Oregon Humanities reaches tens of thousands of Oregonians each year with a combination of face-to-face facilitated programs and media. Over the past few years, our conversation-based programs have steadily and significantly increased in number and attendance. We are currently in the early stages of a three-year plan that emphasizes, among other things, understanding the impact of our face-to-face work and ensuring that we are able to effectively evaluate its impact going forward. We are especially interested in learning about this work’s impact on individual participants, program leaders, host and partner organizations, and communities across the state.
Goals of Project
We hope that this evaluation project will accomplish the following:
- Significantly strengthen our internal understanding of how current face-to-face program formats align with organizational goals identified in our strategic plan and our diversity, equity, and inclusion framework.
- Assist us in demonstrating the impact of our work to external partners, stakeholders, and supporters.
- Help us determine outcome measurements and methods and understand challenges to measuring the impact of our programs in order to create an effective and practicable evaluation strategy.
The Oregon Humanities team is a small group of idealistic, collaborative, creative people who are committed to bringing Oregonians together across differences, beliefs, and backgrounds. Each year, we offer hundreds of public conversations and programs across the state, train dozens of discussion leaders, and award tens of thousands of dollars in grants to organizations that, like us, believe in the power of people in rooms listening, learning, and struggling together. In our magazine and on our website, we publish essays, photographs, films, and audio recordings that explore the thoughts, perspectives, and experiences of Oregonians, especially those who have been ignored, generalized, or oppressed.

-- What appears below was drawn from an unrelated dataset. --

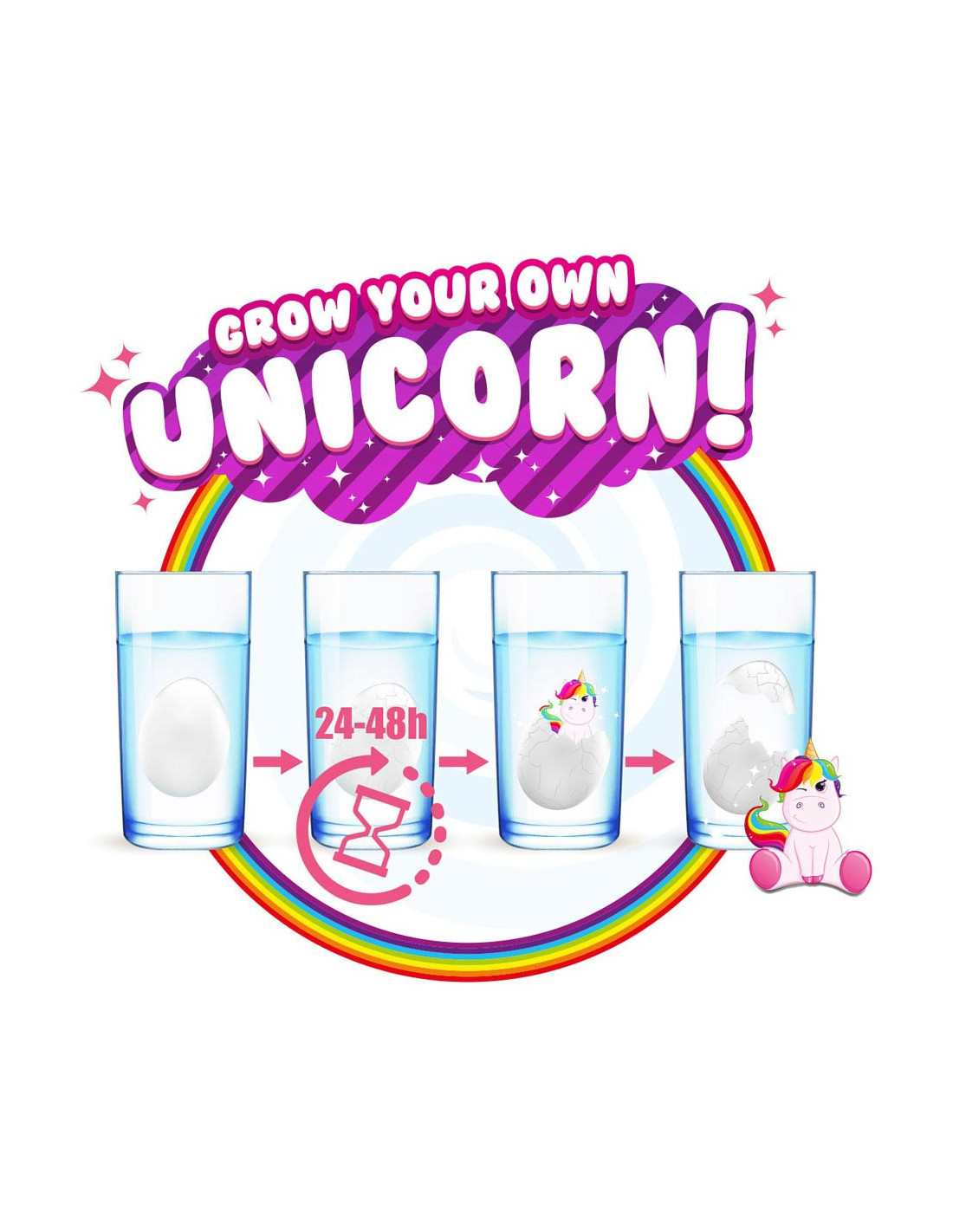 Wat er in dit ei zit kom je niet zomaar te weten. Je moet even geduld hebben. Leg het ei in een glas met water zodat het helemaal ondergedompeld is. Na 1 tot 2 dagen komt er eerst een barst het ei om om nog wat later helemaal open te barsten. Nu kun je zien welk paardje het is en kijken naar hoe je babyeenhoorn groeit totdat hij helemaal uit het ei komt. Droog hem af en de eenhoorn is van jou.

Founded in 1971, Oregon Humanities is an independent, nonprofit affiliate of the National Endowment for the Humanities and one of five statewide partners of the Oregon Cultural Trust. OH is a statewide organization based in Portland, Oregon with an annual budget of $1.7 million. We have a growing staff of twelve employees and up to four interns at any one time. We partner with 150+ organizations each year to reach over sixty thousand people through our programs, media, and grantmaking.
We have been gathering feedback from program participants, partners, and leaders for many years, regularly refining our surveys, and doing what we can to update participant contact data.
Provisional Anticipated Deliverables
- Development of evaluation plan, program surveys, and other evaluation tools to implement going forward
- Impact report to share with current partners, funders, and stakeholders
- Recommendations for continued evaluation efforts
Timeline and Budget
We anticipate that this project will run 9 to 12 months in duration, beginning as soon as circumstances allow.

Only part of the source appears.